This model represents a tritium solid breeder: tritium is generated in a pebble bed of lithium ceramics located in two channels. A helium flow, called purge gas, is introduced through these channels so the released tritium is dragged by it. The selected material for the helium channels is Eurofer. The system is all at the same temperature.
The aim of this example is to analyse the tritium permeation through the material and the inventory in the different parts of the system.
The model is built with two fluid channels connected to the materials that represent their walls and the pebble component representing the lithium ceramic. Both channels have the same geometry and operation conditions.
The realease of tritium from the lithium ceramic breeder is set through the residence time and HT/(HTO+HT) ratio.

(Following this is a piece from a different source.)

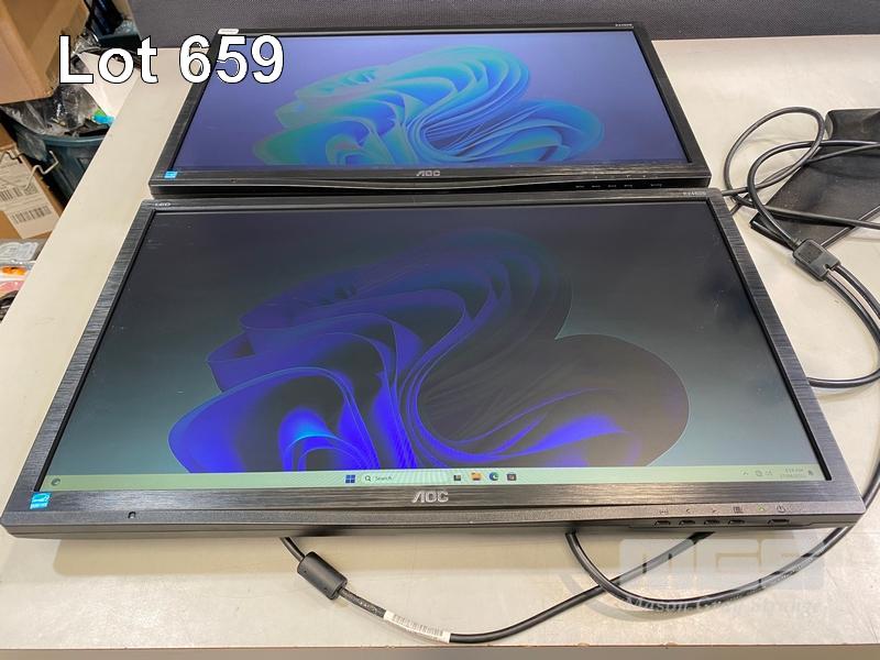 2 x MONITORS, AOC e2460Sd 24" LED WIDESCREEN, VGA, DVI (WITH CABLES) WITH FREESTANDING DUAL MONITOR STAND (NOTE: 1 x MONITOR WITH SMALL SCRATCH)

Inside the gas pipes, two reactions will be considered:
The generation profile is defined in the Generator component: it will consists on three pulses. Each pulse will be 450 s of burn and 1350 s of dwell. The second group of pulses starts 10 h after the first, and this generation is repeated with a period of 1 day. This generation profile lasts three days (generation time) and then the generation is turn off during 2 days. That means a generation cycle (time between two on generation cycles) equal to 5 days. These generation pulses are shown in the plot:
Zooming in the first 43200 s (1/2 day), the three generation pulses are observed:
The evolution of the inventory in each elemnt of the model is shown in the plots below for a 10 days simulated time.
The plot “Gen_tot_invent” represents the amount of tritium generated inside the pebbles. It can be observed that it remains constant when the generation is null. The tritium inventory in the pebbles is also pulsed according to the pulsed generation. The maximum amount of tritium inside the pebble during the pulses is around 0.026 mg and it falls to zero when there is no generation.
Again, zooming in the previous plots the first day (or simulate the experiment with TSTOP = 86400 s):
The tritium inventories in the purge gas and the walls have the same behaviour, but the maximum value in the pulses in much lower. That means that most of the tritium generated leaves with the purge gas stream as it can be checked in the next plot:
The tritium permeated through the wall increases with the generation pulses and remains constant when there is no generation.
The tritium concentration in the outer face of the material along the gas flow direction during the first half-day is represented in the next plot. It can be observed that it is higher as we move towards the gas outlet.
Finally, the relative error at the beginning reaches 0.03%, but it decreases until practically zero which means the mass balance is correct.